Aim of the task
Please output the entries that follow exactly, without a single image.

Exercise materials
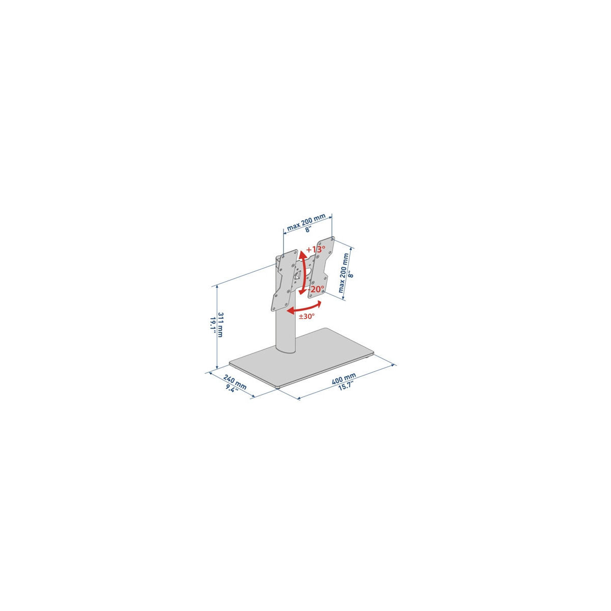L’elegante base in vetro temperato garantisce stabilità al prodotto, la colonna in alluminio è dotata di un pratico sistema nascondi fili all’interno della quale potete fare passare tutti i cavi in modo da creare un ambiente TV ordinato e moderno.
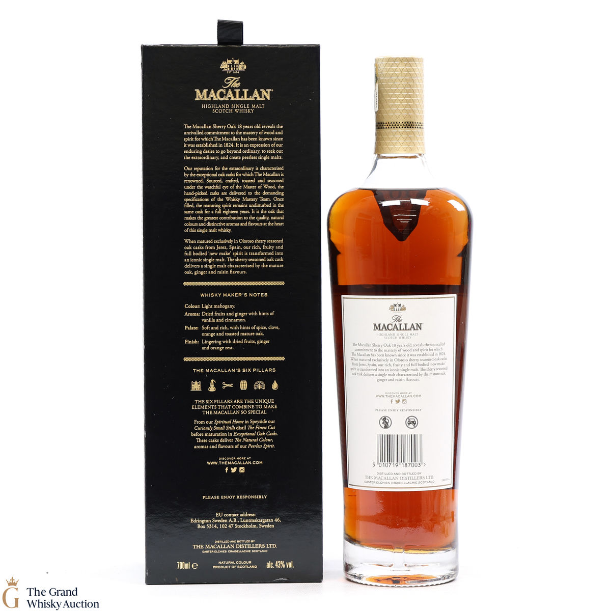 This annual release of The Macallan's popular 18 Year Old Sherry Oak is matured exclusively in sherry seasoned casks, built from both Spanish and American oak, providing a beautifully dark flavour with rich aromas.
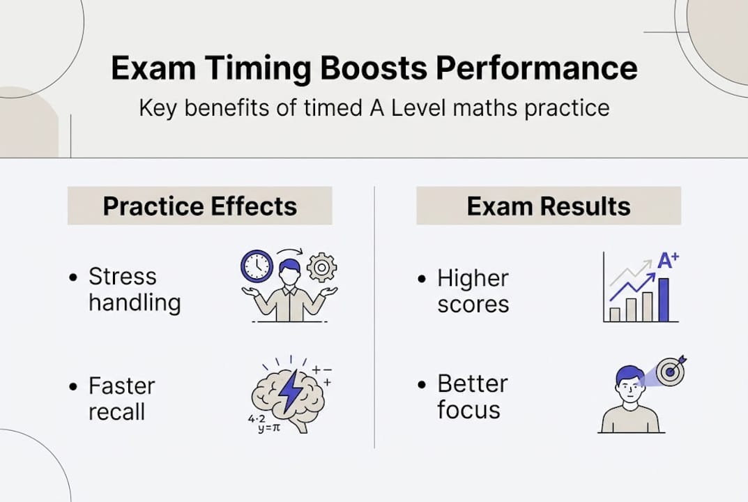 | Consistent timing builds confidence | Regular timed practice develops resilience and reduces anxiety for your real A Level maths exam. |
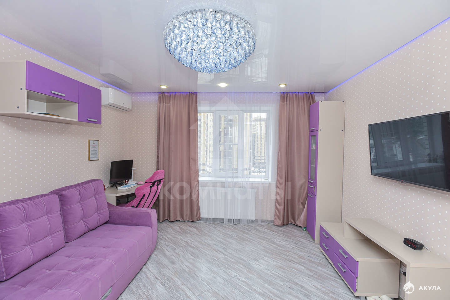 Дизайнерский ремонт выполнен из качественных материалов. В подарок оставим почти всю мебель.
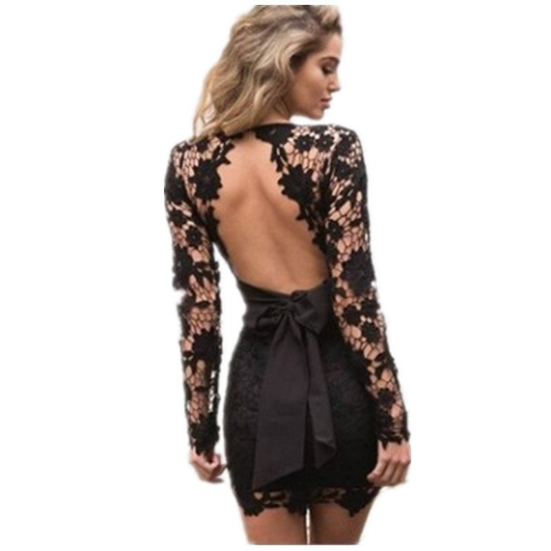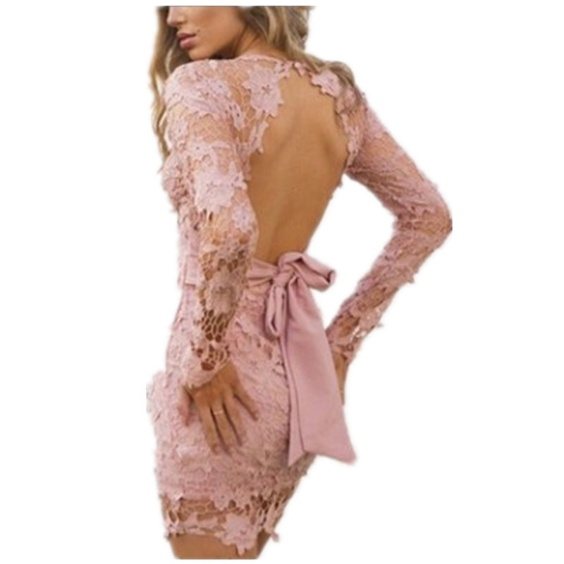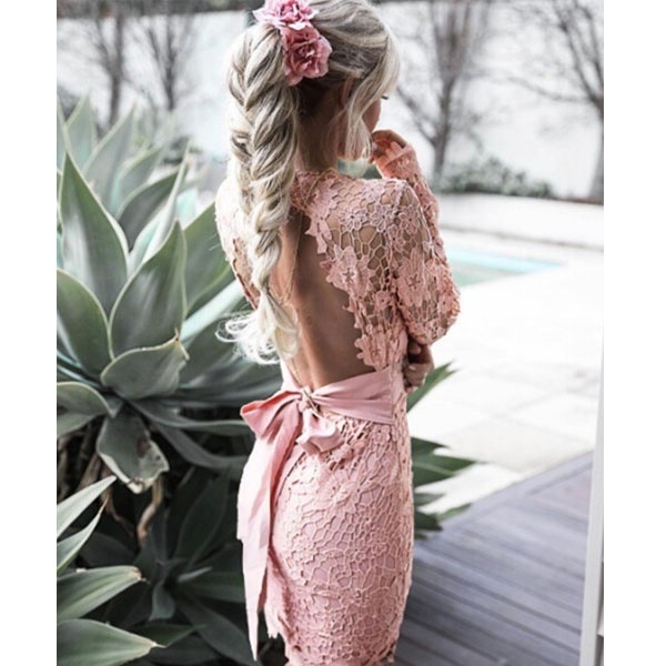 Women Fashion Hollow Lace Backless Dress
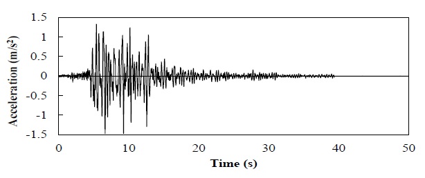 In order to apply an acceleration to the model, an acceleration record taken from [38], was applied to the base of the structure on the Y direction. This acceleration record was previously prepared by staggering it in time and magnitude, in such a way that is compatible with the dimensions of the structure, thereby resulting in a 40s duration with an absolute maximum amplitude of 1.47 m/s2, as shown in Figure 7.

Written reply
L’elegante base in vetro temperato garantisce stabilità al prodotto, la colonna in alluminio è dotata di un pratico sistema nascondi fili all’interno della quale potete fare passare tutti i cavi in modo da creare un ambiente TV ordinato e moderno.
 This annual release of The Macallan's popular 18 Year Old Sherry Oak is matured exclusively in sherry seasoned casks, built from both Spanish and American oak, providing a beautifully dark flavour with rich aromas.
 | Consistent timing builds confidence | Regular timed practice develops resilience and reduces anxiety for your real A Level maths exam. |
 Дизайнерский ремонт выполнен из качественных материалов. В подарок оставим почти всю мебель.
 Women Fashion Hollow Lace Backless Dress
 In order to apply an acceleration to the model, an acceleration record taken from [38], was applied to the base of the structure on the Y direction. This acceleration record was previously prepared by staggering it in time and magnitude, in such a way that is compatible with the dimensions of the structure, thereby resulting in a 40s duration with an absolute maximum amplitude of 1.47 m/s2, as shown in Figure 7.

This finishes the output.